Malheureusement, l'empire de lois créé par Hammurabi ne survécut pas longtemps après sa mort. Son fils et successeur, Samsu-Iluna, qui avait co-gouverné avec lui après 1755 av. JC, n'était pas à la hauteur de devenir un deuxième Hammurabi. Les cité-États satisfaites de la domination babylonienne pendant le règne du grand roi, se révoltèrent après sa mort, et bien qu'elles aient pu garder ses lois dans leurs communautés individuelles, elles semblent qu'elles n'aient eu nullement besoin du genre d'unité qu'Hammurabi avait créée.

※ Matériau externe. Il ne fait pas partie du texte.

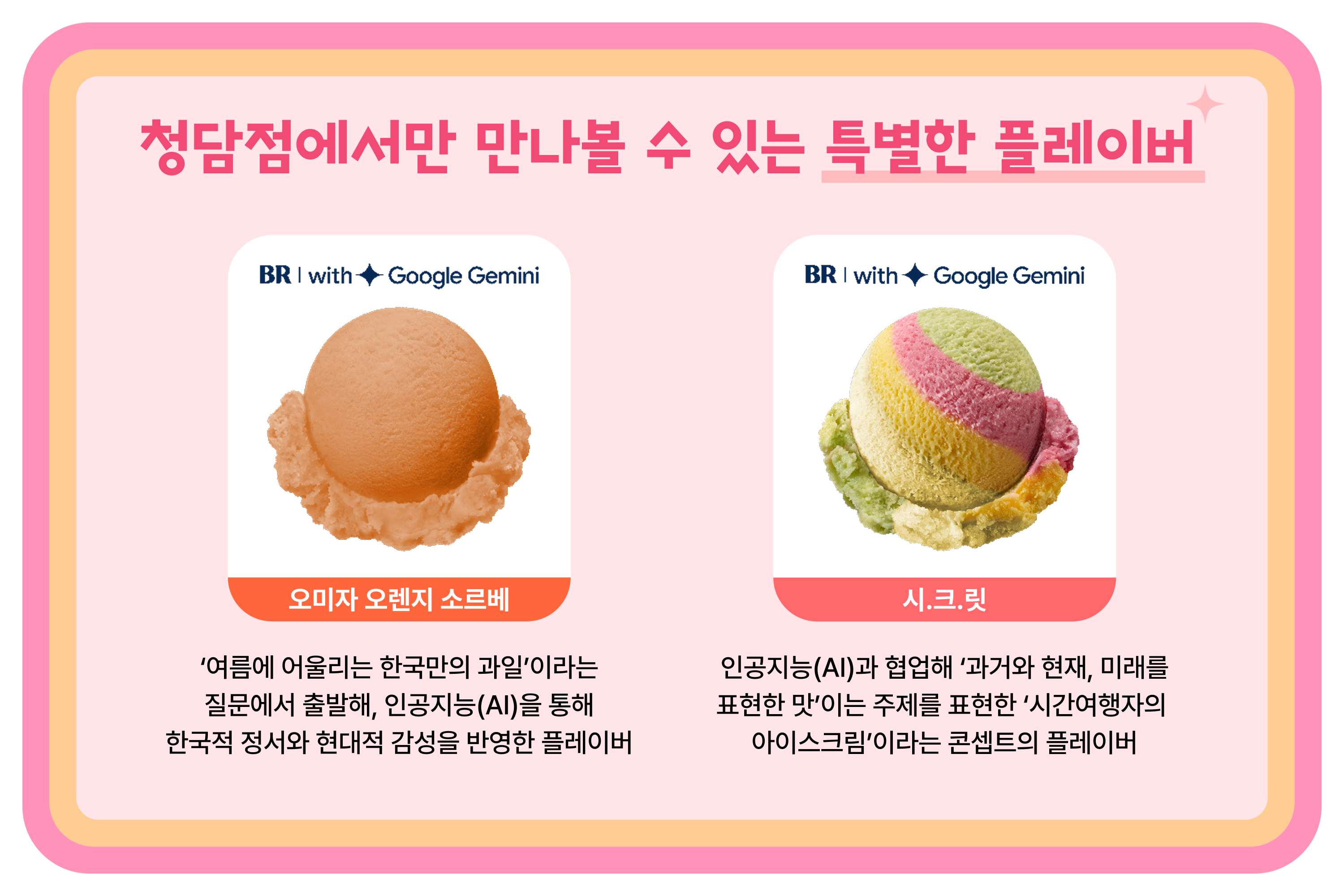 🌟 시.크.릿 : ‘과거와 현재, 미래를 표현한 맛’이라는 질문을 출발점으로, 인공지능(AI)을 통해 제안받은 열대 과일을 조합해 ‘시간여행자의 아이스크림’이라는 콘셉트로 개발된 플레이버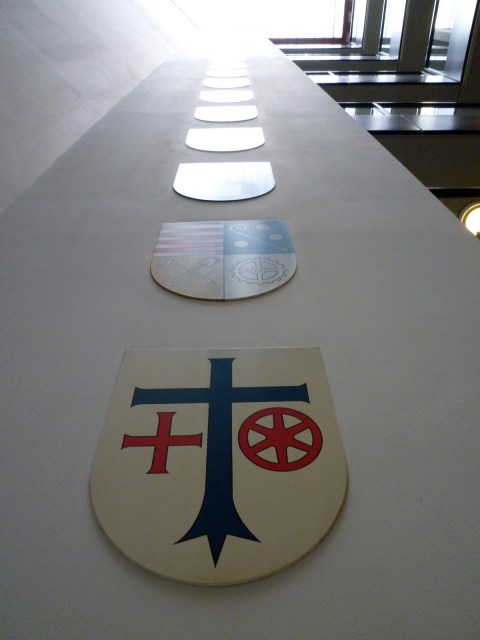 The various Mainz city coats of arms in the town hall, starting with Ebersheim at the bottom and doubtlessly ending up with Gonsenheim (with a halo) at the top.

Ce manque d'unité firent des cités-États des proies faciles pour les envahisseurs. Les Hittites les envahirent en 1595 av. JC, et les Kassites peu après, puis les Élamites vers 1150 av. JC, sous le règne de Shutruk Nahhunte. À cette époque, on pense que la stèle du Code de Hammurabi fut ramenée à Élam où elle aurait été trouvée en 1901, brisée en morceaux. Son influence est cependant notable dans la création de codes législatifs ultérieurs tels que les lois de l'époque médio-assyrienne, les lois néo-babyloniennes et la loi mosaïque de la Bible, qui suivent toutes le même modèle que le code de Hammurabi en fournissant aux gens une directive objective et universelle sur la façon de traiter les autres et comment ils devraient s'attendre à être traités dans une société civilisée.